- IOC code: BRA
- NOC: Brazilian Sports Confederation

in Paris
- Competitors: 12 (12 men) in 4 sports
- Flag bearer: Alfredo Gomes
- Medals: Gold 0 Silver 0 Bronze 0 Total 0

Summer Olympics appearances (overview)
- 1920; 1924; 1928; 1932; 1936; 1948; 1952; 1956; 1960; 1964; 1968; 1972; 1976; 1980; 1984; 1988; 1992; 1996; 2000; 2004; 2008; 2012; 2016; 2020; 2024;

= Brazil at the 1924 Summer Olympics =

Brazil was represented at the 1924 Summer Olympics in Paris, France by the Brazilian Sports Confederation.
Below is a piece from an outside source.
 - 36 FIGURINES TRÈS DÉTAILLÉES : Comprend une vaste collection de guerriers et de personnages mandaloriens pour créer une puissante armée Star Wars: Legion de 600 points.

In total, 12 athletes – all men – represented Brazil in four different sports including art, athletics, rowing and shooting.

==Background==
The Brazilian Sports Confederation was formed in 1914 and became affiliated with the Olympics (the Brazilian Olympic Committee would later become recognised by the International Olympic Committee (IOC) in 1935). After World War I, Brazil made its Olympic debut at the 1920 Summer Olympics in Antwerp, Belgium. A delegation of 19 athletes was sent to the games and they were relatively successful with Brazil winning three medals – one gold, one silver and one bronze.

==Competitors==
In total, 12 athletes represented Brazil at the 1924 Summer Olympics in Paris, France across four different sports.
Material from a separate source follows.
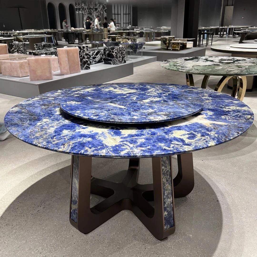 Luxury Natural Blue Sandstone Round Dining Table - Designer Minimalist Dining Set for High-End Villas and Apartments, Perfect for Elegant Gatherings

| Sport | Men | Women | Total |
|---|---|---|---|
| Art | 1 | 0 | 1 |
| Athletics | 8 | 0 | 8 |
| Rowing | 2 | 0 | 2 |
| Shooting | 1 | 0 | 1 |
| Total | 12 | 0 | 12 |

==Art==

In total, one Brazilian athlete participated in the art competitions – L. Alvar da Silva in the literature category.

==Athletics==

In total, eight Brazilian athletes participated in the athletics events – Alvaro de Oliveira Ribeiro in the men's 100 m and the men's 200 m, Narciso Costa in the men's 400 m and the men's 800 m, Alfredo Gomes in the men's 5,000 m and the men's individual cross country, Alberto Byington in the men's 110 m hurdles, José Galimberti in the men's shot put and the men's discus throw, Octávio Zani in the men's shot put, the men's discus throw and the Hammer throw, Willy Seewald in the men's javelin throw and Eurico de Freitas in the men's pole vault.
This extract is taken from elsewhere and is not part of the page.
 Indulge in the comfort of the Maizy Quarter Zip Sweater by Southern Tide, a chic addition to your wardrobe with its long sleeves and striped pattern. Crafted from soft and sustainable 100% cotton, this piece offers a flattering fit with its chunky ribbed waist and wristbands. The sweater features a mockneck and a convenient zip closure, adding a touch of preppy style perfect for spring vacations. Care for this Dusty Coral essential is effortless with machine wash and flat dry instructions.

| Athlete | Event | Heats |  | Quarterfinals |  | Semifinals |  | Final |  |
| Result | Rank | Result | Rank | Result | Rank | Result | Rank |
| Alvaro de Oliveira Ribeiro | 100 m | Unknown | 5 | did not advance |  |  |  |  |  |
| 200 m | Unknown | 3 | did not advance |  |  |  |  |  |
| Narciso Costa | 400 m | Unknown | 3 | did not advance |  |  |  |  |  |
| 800 m | N/A |  | Unknown | 6 | did not advance |  |  |  |
| Alfredo Gomes | 5,000 m | N/A |  |  |  | Unknown | 9 | did not advance |  |
| Individual cross country | N/A |  |  |  |  |  | did not finish |  |
| Alberto Byington | 110 m hurdles | N/A |  | Unknown | 5 | did not advance |  |  |  |
| José Galimberti | Shot put | N/A |  |  |  | 11.30 | 9 | did not advance |  |
| Discus throw | N/A |  |  |  | 36.52 | 7 | did not advance |  |
| Octávio Zani | Shot put | N/A |  |  |  | No mark | 8 | did not advance |  |
| Discus throw | N/A |  |  |  | 35.72 | 10 | did not advance |  |
| Hammer throw | N/A |  |  |  | 33.895 | 13 | did not advance |  |
| Willy Seewald | Javelin throw | N/A |  |  |  | 49.39 | 9 | did not advance |  |
| Eurico de Freitas | Pole vault | N/A |  |  |  | 3.40 | 5 | did not advance |  |

==Rowing==

In total, two Brazilian athletes participated in the rowing events – Carlos Castello and Edmundo Castello in the men's double sculls.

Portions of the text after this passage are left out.